As part of the CSFF blog tour held this week, talk came out about the rumor that Kathryn Mackel's Birthrighter's Project was originally intended as a trilogy, but was cut back to a two book series on account of sales not being what the publisher hoped for. Shannon McNear has posted a piece on the age old problem of Christian publishers' claims that SF/F doesn't sell in their market and so they don't publish SF/F or don't publicize the few books they do publish with the result that readers never know they're out there.
I can relate to all of this. As I believe I mentioned in a previous post, Legends of the Guardian-King was originally contracted with a descending advance rate so that the publishers wouldn't lose any more money than they had to if the series tanked and they had to cut it off before the end. To their credit, though the books have not sold as well as they had hoped, they have stuck with it, and for that I am deeply grateful and even a little awestruck after having read this account (and the one by Holly Lisle cited below). Writing and book publishing is a brutal business, made moreso by changes in bookselling methods over the last few decades.

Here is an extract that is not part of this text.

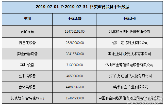 附:2019年7月已有教育裝備類別數據中累積最高中標金額及其所屬企業。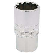 Expert Quality, 12 point deep socket manufactured from chrome vanadium steel that's hardened and tempered with a polished finish. Each socket has a knurled ring for extra grip.

As an illustration of just how brutal, Tina Kulesa, one of the tour partipants put up a link to a fascinating article by SF writer Holly Lisle on the "midlist writer's career death spiral" called Selling to the Net . In it she describes how books are ordered and sold by the chain bookstores, and what that does to a writer's career. This is not new information -- Donald Maas also outlined it in his book, The Career Novelist -- but it's sobering to be reminded of it, and also in some ways heartening because, in my case anyway, it reminds me of how God has kept things alive when by other considerations they might not have been.